The following example of software development by and for designers—beyond image editing—shows how changes in computing will continue to accelerate changes in design practice.
These changes have significant implications for design education and continuing education. For example, it seems clear that designers will need to become comfortable using statistical and computational methods to find patterns and to display relationships.
In this experiment, I leveraged AI techniques to algorithmically organize the logos of the Fortune 500 by visual similarity. A task that would be both difficult and time-consuming to do by hand, the computer does with ease. The result is a truly interactive visualization, where the parameters of underlying algorithms have been exposed—enabling viewers to interact with and manipulate the outcome.
In a nutshell, it’s about teaching the computer to see and process patterns.
The larger context
Our own ability to see and process patterns has been essential to our success and survival as a species. The evolution of neural networks in the outer layer of our brains has enabled us to process visual and auditory patterns, helping us separate prey from a predator, helpful from harmful, good from bad. In fact, these natural neural networks are so efficient that we’re trying to mimic them with software. However, as the networks grow, so does the time and cost of running them.
Late MIT professor Patrick Henry Winston called computing power “the most important enabler of deep learning [a type of layered neural network.]” Historically, both cost and access to high-performance computing limited their usefulness. But now, with the marginal cost of computing dropping to near zero, nearly everyone can access “affordable” on-demand computing.
Broadened access to high-performance computing has accelerated advancements in AI, but even the largest networks can’t match the size or complexity of the human brain—yet. That said, artificial neural networks are still able to outperform us on many tasks. To understand where to effectively apply them we must study our own cognitive limitations, so that we can develop solutions that persist where we fall short.

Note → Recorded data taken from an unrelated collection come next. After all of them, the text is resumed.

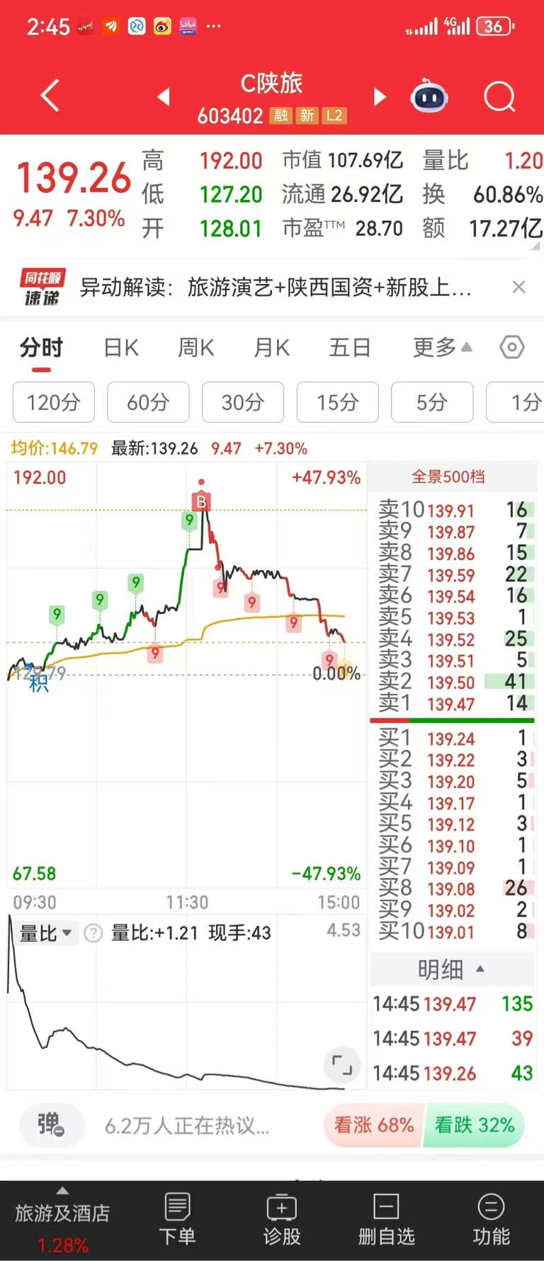 $C陕旅(SH603402)$ 好爽啊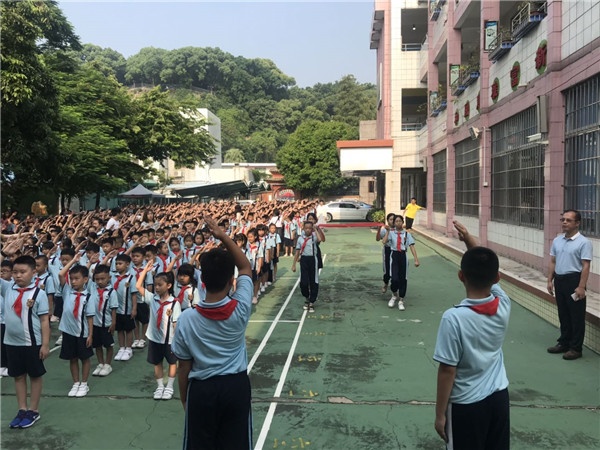 9月1日上午,龍頭環(huán)學校召開了“加強文化引領(lǐng),打造新優(yōu)質(zhì)學?!睘橹黝}的開學典禮。典禮上,莊嚴的升旗禮儀式后,吳發(fā)志校長代表全體師生,歡迎一年級小朋友,祝賀他們正式成為一名小學生。吳校長還對暑期創(chuàng)建文明城市的工作進行匯報,美德是立身之本,文明是城市之魂,要求全體師生尊紀守法,做一個文明守禮的好公民,讓文明之花開遍龍頭環(huán)校園。
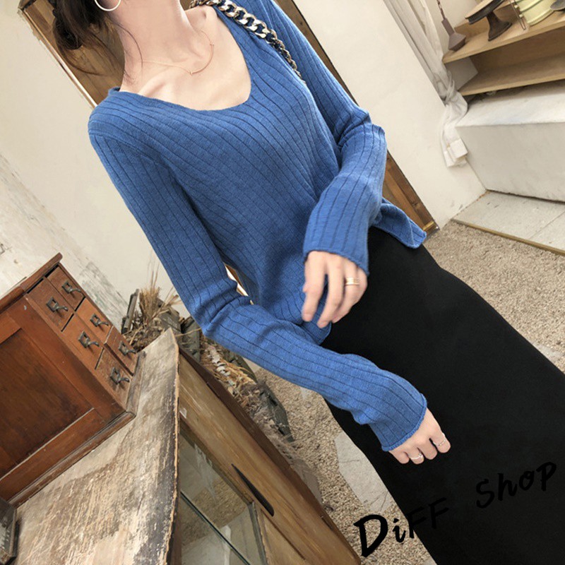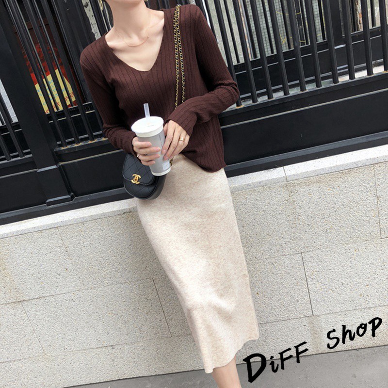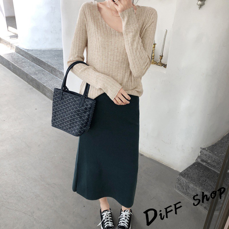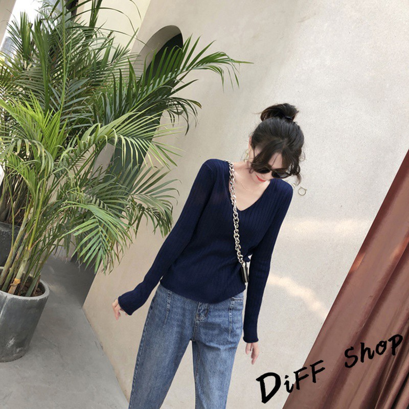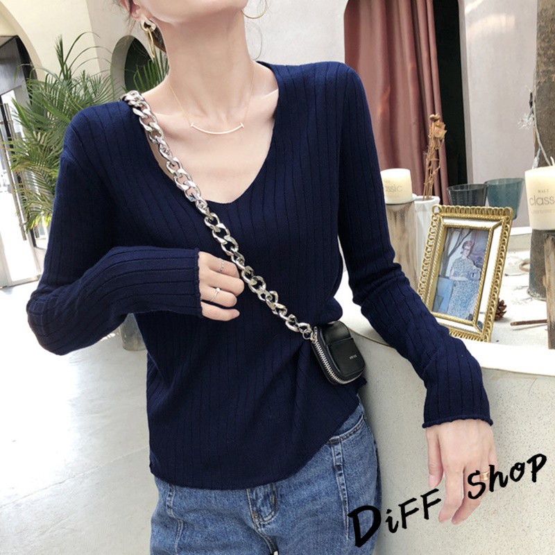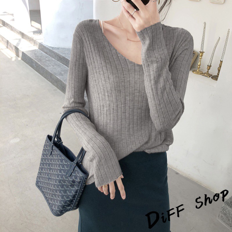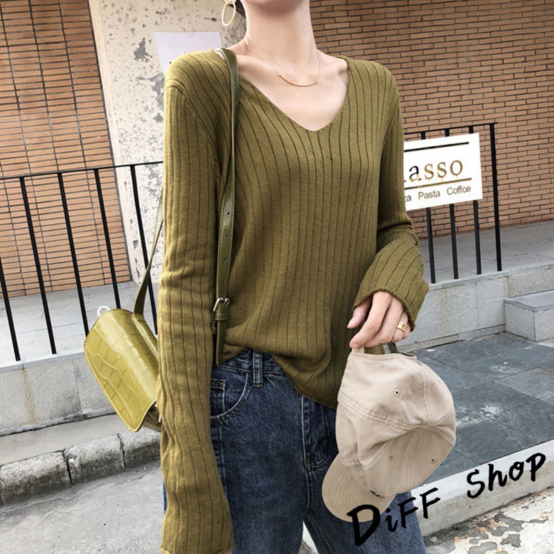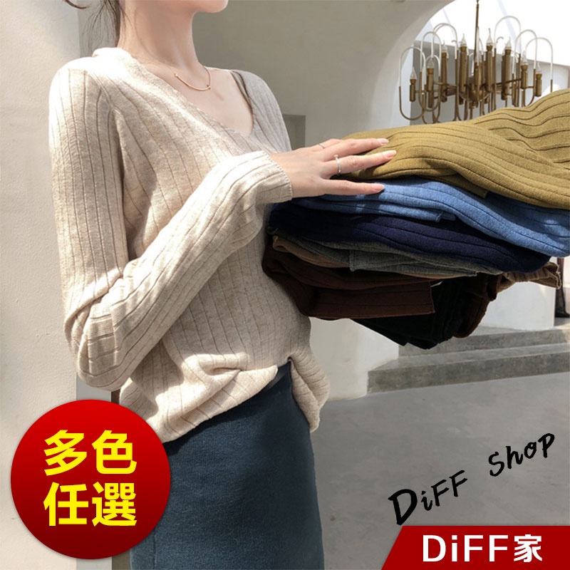 【DIFF】韓版柔軟慵懶風v領針織上衣 長袖上衣 女裝 衣服 寬鬆上衣 顯瘦上衣 素色 冬裝 長袖t恤 素T【W192】【W192】咖啡|【W192】奶茶|【W192】藏青|【W192】灰色|【W192】綠色|【W192】黑色|【W192】杏色|【W192】淺藍T-shirtsDiFF shop

In his 1956 paper, “The Magical Number Seven, Plus or Minus Two: Some Limits on Our Capacity for Processing Information,” cognitive psychologist George A. Miller asserted that an average person can hold 7 ± 2 pieces of information in their working memory (both immediate memory and absolute judgment) at any given time. His assertion affects our daily life in more ways than you might realize. Ever wonder why US phone numbers and license plates are limited to 7 characters in length?
Our cognitive limitations make it difficult for us to process large amounts of information. To hold 7 Boolean values, a simple form of information, representing either a true or false statement, the computer needs 7 bits. Contrast this with the up to 32 gigabytes or 256,000,000,000 bits of memory on a 2020 MacBook Pro and the computer’s advantage is clear. Cloud-based systems may have orders of magnitude more memory.
My approach
This experiment takes advantage of computers’ superior working memory and processing speed. The visualization is the result of millions of calculations, and most are calculated live in your browser. Doing the calculations in real time enables us to expose the parameters of the underlying algorithms—so that we can interact with and manipulate what Herbert Simon might call ‘the space of logos.’
The visualization is the outcome of a series of data transformations:
- Data wrangling
- Feature detection
- Feature selection
- Distance matrix
- Dimensionality reduction
- Linear assignment
- Data visualization
1. Data wrangling
Creating a good dataset takes a lot of time and patience. In 2014, The New York Times estimated that up to 80 percent of a data scientist’s time is spent collecting and preparing data.
To get started we simply needed a list of the companies on the Fortune 500 list. Thankfully Fortune magazine’s robots.txt permits crawling their website for this information, providing the full list and some metadata for each company.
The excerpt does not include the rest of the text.